Давайте начнем разговор о комплексной ⁠травме и о том, как она влияет на нашу жизнь. ⁠Комплексная травма — это наша реакция на ⁠травматический стрессор, то есть на ⁠событие, как указывают Джулиан ⁠Форд и Кристин Куртуа в книге «Терапия ⁠комплексных посттравматических стрессовых ⁠расстройств у взрослых», «наносящее организму фундаментальный, изменяющий жизнь психофизиологический вред».

Довольно часто мы связываем понятие «травмы» с ужасающими нас вещами — стихийными бедствиями, терактами, рабством, геноцидами, а такой диагноз, как ПТСР (посттравматическое стрессовое расстройство), может прочно ассоциироваться у нас с солдатами, вернувшимися с войны, — и, конечно, все вышеперечисленное способно оставить след в нашем теле и в нашей психике.

Но война — это не единственное событие, разрушающее человеческие жизни. В своей книге «Тело помнит все» Бессел Ван дер Колк пишет:

«На каждого солдата, служащего в зоне боевых действий, приходится десяток детей, находящихся под угрозой в своем собственном доме. Источник их боли и ужаса — это не вражеские солдаты, а люди, под чьей опекой они находятся».

Комплексная травма универсальна — она может возникнуть как в детском возрасте, так и во взрослой жизни, а причины возникновения посттравматического стресса гораздо шире, нежели то, что мы привычно с ним ассоциируем. Более того, комплексная травма часто проходит через поколения. Она подпитывается отсутствием признания или согласием с предыдущими травмами и потерями, а также повторяющимся насилием.

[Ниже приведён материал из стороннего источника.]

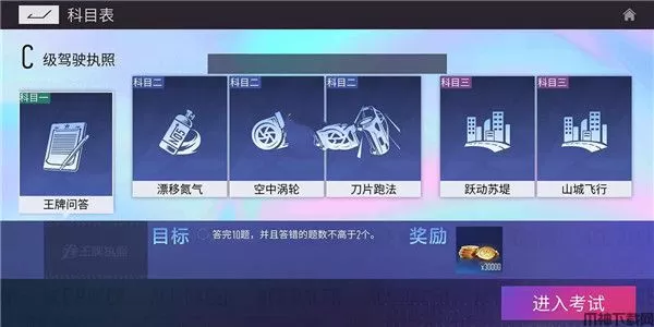 而驾照考试一共可以分为4种,分别是C级的初级驾照考试、B级的中级驾照考试、A级的高级驾照考试、以及S级的超级驾照考试,通过这四种考试将可以分别拿到相应等级的驾照。

Благодаря многочисленным исследованиям в 2018 году произошло долгожданное для многих клиницистов событие: в МКБ-11 был представлен диагноз КПТСР — комплексное посттравматическое стрессовое расстройство, расширяющий наши представления о влиянии комплексной травмы на жизнь человека.

С момента появления диагноза ПТСР шли оживленные споры, касающиеся его ограничений. Многие исследователи и практики утверждали, что последствия взаимодействия с травматическим стрессором более длительного характера гораздо тяжелее, разнообразнее и комплекснее, нежели предполагает ПТСР.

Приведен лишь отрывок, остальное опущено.